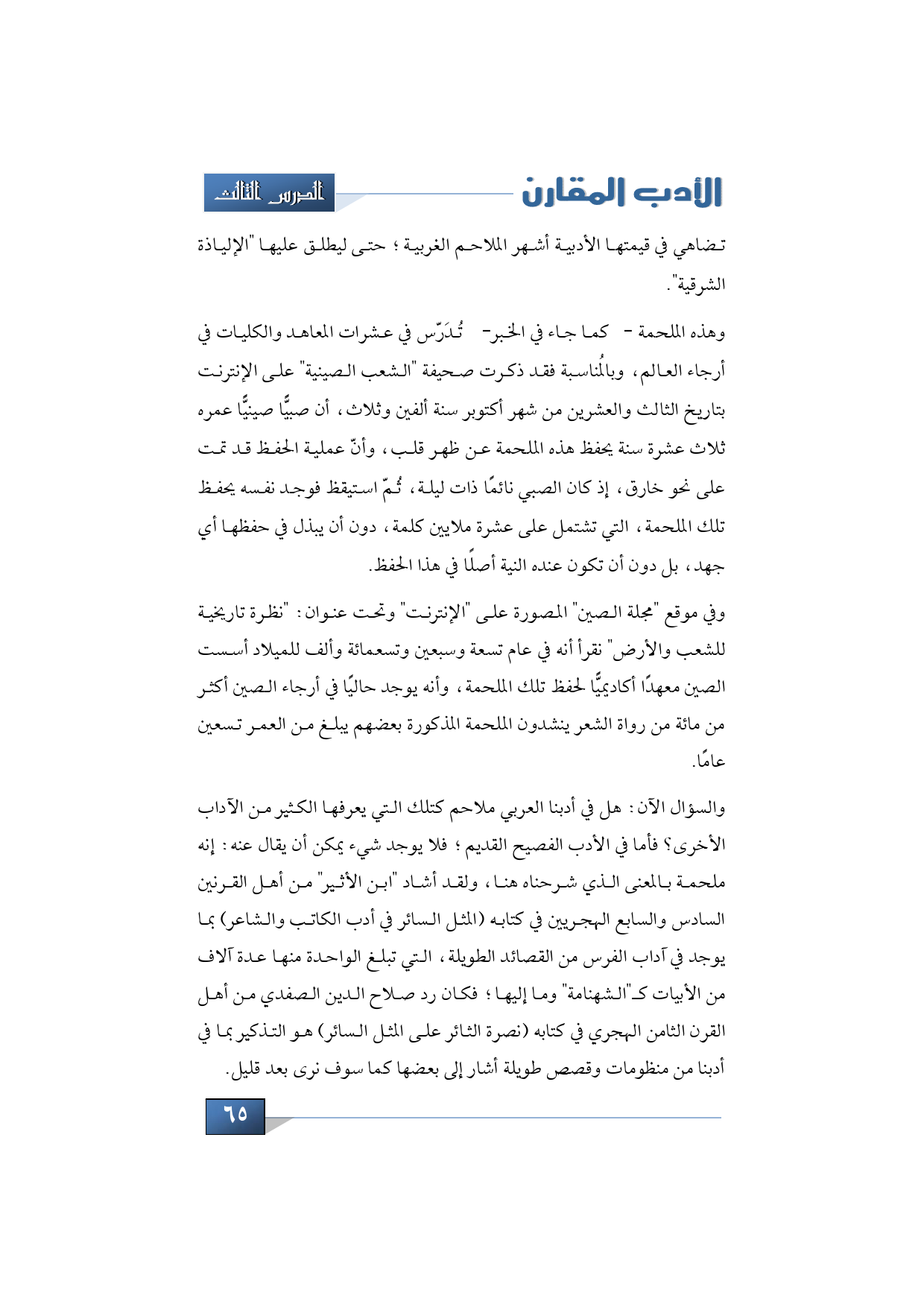 وهذه الملحمة -كما جاء في الخبر- تُدَرّس في عشرات المعاهد والكليات في أرجاء العالم, وبالمُناسبة فقد ذكرت صحيفة "الشعب الصينية" على الإنترنت بتاريخ الثالث والعشرين من شهر أكتوبر سنة ألفين وثلاث، أن صبيًّا صينيًّا عمره ثلاث عشرة سنة يحفظ هذه الملحمة عن ظهر قلب، وأنّ عملية الحفظ قد تمت على نحو خارق، إذ كان الصبي نائمًا ذات ليلة، ثُمّ استيقظ فوجد نفسه يحفظ تلك الملحمة، التي تشتمل على عشرة ملايين كلمة، دون أن يبذل في حفظها أي جهد، بل دون أن تكون عنده النية أصلًا في هذا الحفظ.
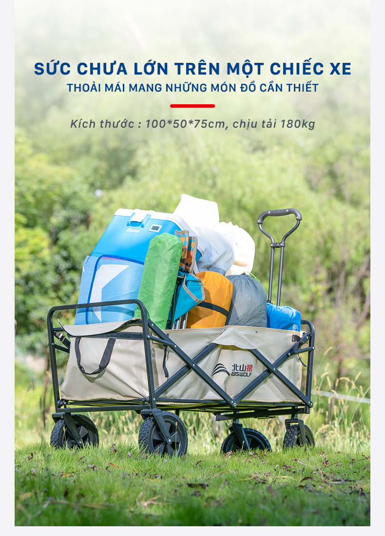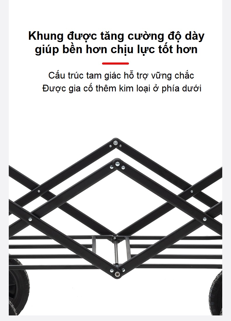 Khung xe kéo dã ngoại YZ010-2023 được làm từ các ống thép có ưu điểm nhẹ nhưng rất chắc chắn. Trọng tải tới 180kg, bạn thoải mái đựng đồ cắm trại như tăng, lều, bàn ghế… Bánh xe cao su đặc xoay 360 độ với các vòng bi trơn tru, giúp giảm lực cản, dễ dàng kéo đi.
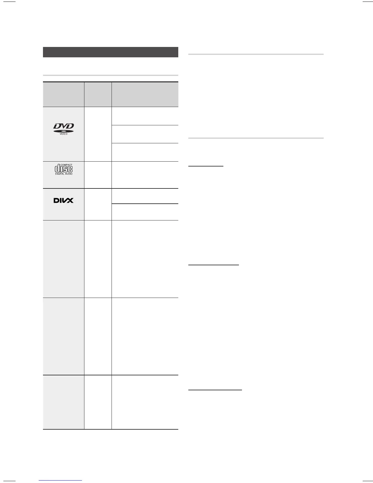 Samsung HT-E355 - Disc Playback Details; Supported and Unsupported Discs; Disc Format Specifics
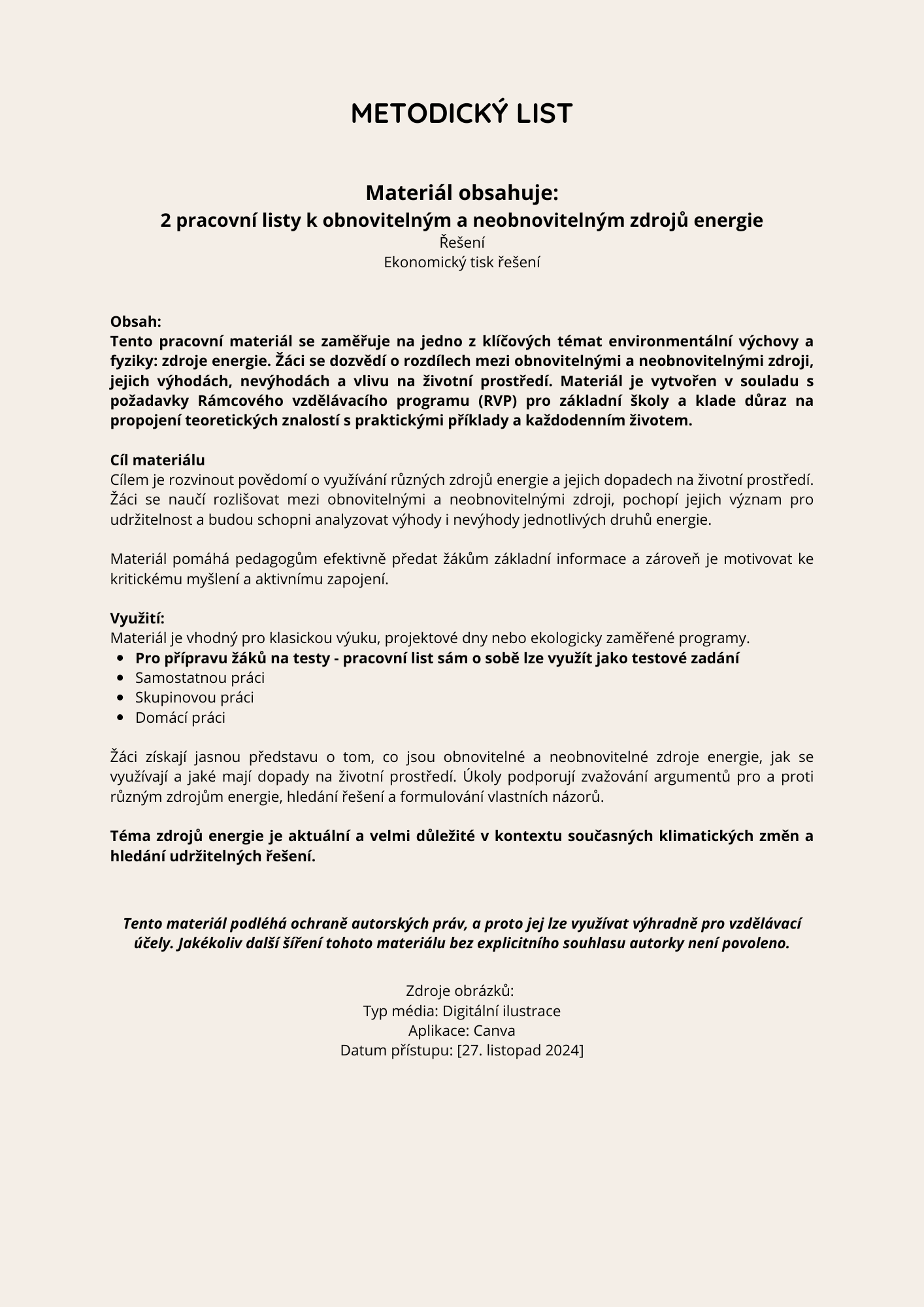 Tento pracovní materiál se zaměřuje na jedno z klíčových témat environmentální výchovy a fyziky: zdroje energie. Žáci se dozvědí o rozdílech mezi obnovitelnými a neobnovitelnými zdroji, jejich výhodách, nevýhodách a vlivu na životní prostředí. Materiál je vytvořen v souladu s požadavky Rámcového vzdělávacího programu (RVP) pro základní školy a klade důraz na propojení teoretických znalostí s praktickými příklady a každodenním životem.
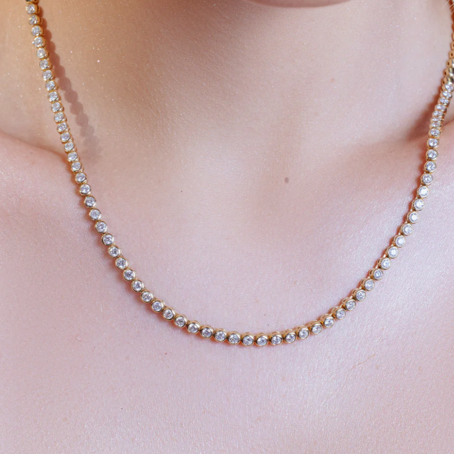 A classic tennis necklace for any occasion. The Diamond Tennis Choker features diamonds that sit right against the neck. We have worked hard to ensure this piece does not roll or flip, the diamonds sit upright. The perfect piece to start layering!
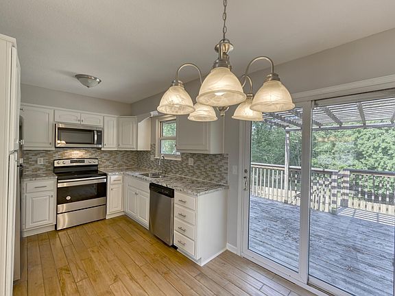 Complete rehab for this property. New to property: paint, bathroom fixtures, stainless steel appliances, granite countertops, flooring, etc. Property has 2 car garage with a fenced in backyard. This home features a nice back deck with stairs leading down to the fenced in yard. Topping Elementary School is located across the street. Easy access to both 435 and 35 highway, less than a 2 minute drive to both highways. This is a 1 year lease. There is a background check that is $50 per tenant over 18 years of age. Pets are allowed but now more than 2 and there is a $250 non-refundable pet deposit and a $25/pet per month pet rent. Renters are responsible for all utilities and yard maintenance. No smoking is allowed in the house.
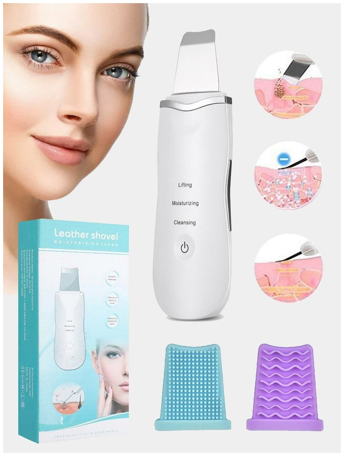 Ультразвуковой аппарат для чистки лица Массажер для лица Ультразвуковой скраббер для лица Ультразвуковая чистка лица Leather shovel интересное:
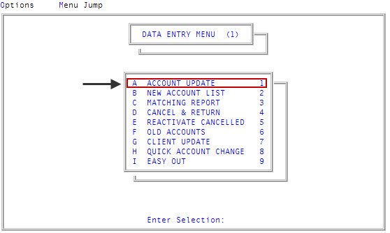 From the Master menu, navigate to Data Entry > Account Update (menu 1.1).
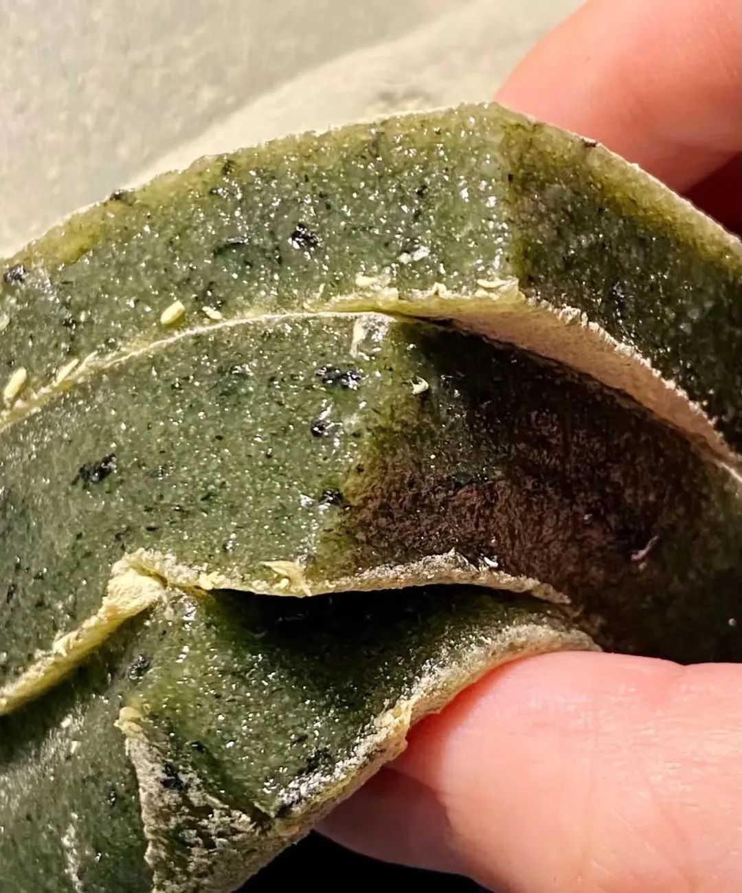 糕米中掺了艾叶,入口后便能感受到艾草独有的清香,仔细观察还能看见植物的纤维,咀嚼起来又软又香又甜,很是清爽,瞧妹强烈推荐哦!

+===+

**PROMPT:** This task calls for the records to be copied exactly, without pictures.

**TASK OUTPUT:**
 وهذه الملحمة -كما جاء في الخبر- تُدَرّس في عشرات المعاهد والكليات في أرجاء العالم, وبالمُناسبة فقد ذكرت صحيفة "الشعب الصينية" على الإنترنت بتاريخ الثالث والعشرين من شهر أكتوبر سنة ألفين وثلاث، أن صبيًّا صينيًّا عمره ثلاث عشرة سنة يحفظ هذه الملحمة عن ظهر قلب، وأنّ عملية الحفظ قد تمت على نحو خارق، إذ كان الصبي نائمًا ذات ليلة، ثُمّ استيقظ فوجد نفسه يحفظ تلك الملحمة، التي تشتمل على عشرة ملايين كلمة، دون أن يبذل في حفظها أي جهد، بل دون أن تكون عنده النية أصلًا في هذا الحفظ.
 Khung xe kéo dã ngoại YZ010-2023 được làm từ các ống thép có ưu điểm nhẹ nhưng rất chắc chắn. Trọng tải tới 180kg, bạn thoải mái đựng đồ cắm trại như tăng, lều, bàn ghế… Bánh xe cao su đặc xoay 360 độ với các vòng bi trơn tru, giúp giảm lực cản, dễ dàng kéo đi.
 Samsung HT-E355 - Disc Playback Details; Supported and Unsupported Discs; Disc Format Specifics
 Tento pracovní materiál se zaměřuje na jedno z klíčových témat environmentální výchovy a fyziky: zdroje energie. Žáci se dozvědí o rozdílech mezi obnovitelnými a neobnovitelnými zdroji, jejich výhodách, nevýhodách a vlivu na životní prostředí. Materiál je vytvořen v souladu s požadavky Rámcového vzdělávacího programu (RVP) pro základní školy a klade důraz na propojení teoretických znalostí s praktickými příklady a každodenním životem.
 A classic tennis necklace for any occasion. The Diamond Tennis Choker features diamonds that sit right against the neck. We have worked hard to ensure this piece does not roll or flip, the diamonds sit upright. The perfect piece to start layering!
 Complete rehab for this property. New to property: paint, bathroom fixtures, stainless steel appliances, granite countertops, flooring, etc. Property has 2 car garage with a fenced in backyard. This home features a nice back deck with stairs leading down to the fenced in yard. Topping Elementary School is located across the street. Easy access to both 435 and 35 highway, less than a 2 minute drive to both highways. This is a 1 year lease. There is a background check that is $50 per tenant over 18 years of age. Pets are allowed but now more than 2 and there is a $250 non-refundable pet deposit and a $25/pet per month pet rent. Renters are responsible for all utilities and yard maintenance. No smoking is allowed in the house.
 Ультразвуковой аппарат для чистки лица Массажер для лица Ультразвуковой скраббер для лица Ультразвуковая чистка лица Leather shovel интересное:
 From the Master menu, navigate to Data Entry > Account Update (menu 1.1).
 糕米中掺了艾叶,入口后便能感受到艾草独有的清香,仔细观察还能看见植物的纤维,咀嚼起来又软又香又甜,很是清爽,瞧妹强烈推荐哦!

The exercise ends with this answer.